Subtly Teaching Children To Program
Over the weekend it was my birthday. Yay for surviving another year. Boo for a total lack of productivity as long weekend always produce.
It did give my brain a bit of a break from coding. That does not mean my brain stopped working. I added a couple of game idea to my list of ones I would like to make at some point.
My children are on their Easter break and all promptly came down ill. The oldest did show me what the scratch project he has been working on. We did a bit of pair programming to add a couple of features he wanted to add.
Until then I had not looked at scratch much - well at all if I am honest. My eldest two had shown a slight interest in programming (them being 6 and 8 years old) and I showed them a bit of java. Printing out times tables and so on and that amazed them that it could work them out so fast. They even tried making it do the 17 times table to see if it would struggle!
A little while later (about a month) we installed scratch on our computers and purchased a book about scratch. We just threw the book on the coffee table and left to discover scratch by themselves. Showing interest when they spoke about it but saying they knew more about scratch than us.
This is part of our child raising philosophy, give them the freedom to explore. I don't want to force them to learn to program if they are not interested. Once they show an interest we support them and help them out. If children are interested you don't need to push them to learn something.
They both consumed the book and while the younger one has not attempted to make a game he has spent a reasonable amount of time messing with it and having fun.
The oldest one had made a very simple game with flip screens and a zombie! While pair programming I was very careful to not take over the keyboard/mouse and got him to explain what he was doing, my children love teaching dad things so I get to act dumb quite a bit. Occasionally I made a suggestion when he hit a brick wall but never pushed it on him instead letting him make mistakes and learn from them.
It was fascinating watching his brain processing and gradually building understanding. What did rapidly become apparent was scratch was not going to fill his programming desire for very long.
He wants to create and importantly he wants to distribute. Scratch lets you upload to their site and we have not yet tried that out because he wants to finish his game first and give it a proper name. The question "can I put it on a tablet" was asked many times as, in that age/social group, they are the coolest things around at the moment.
As far as I can tell scratch does not let you export to either android or ios. I took a look around and found that is a bit of a gap.
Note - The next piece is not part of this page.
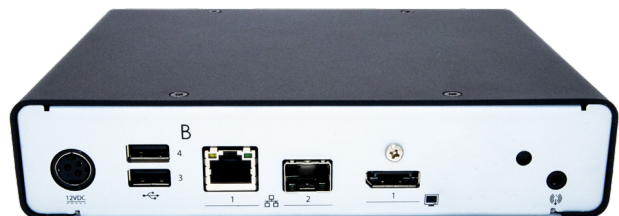
ADDERLink INFINITY 1102 RX - Rear

I know he is not ready to use eclipse :) Honestly I am not sure how he would take to Java even with a simplified IDE and even then it would still need a nice simple gaming API not LibGdx.
So what is the next step after scratch? Particularly one that leads to mobile development/deployment.
My currently plan is to introduce basic (please don't set me on fire) later in the year perhaps something like monkey. I have not taken an in-depth look yet but it does support getting on android and ios.
I probably have less than six months to decide before I have to subtly leave another book lying around and see if they take to it.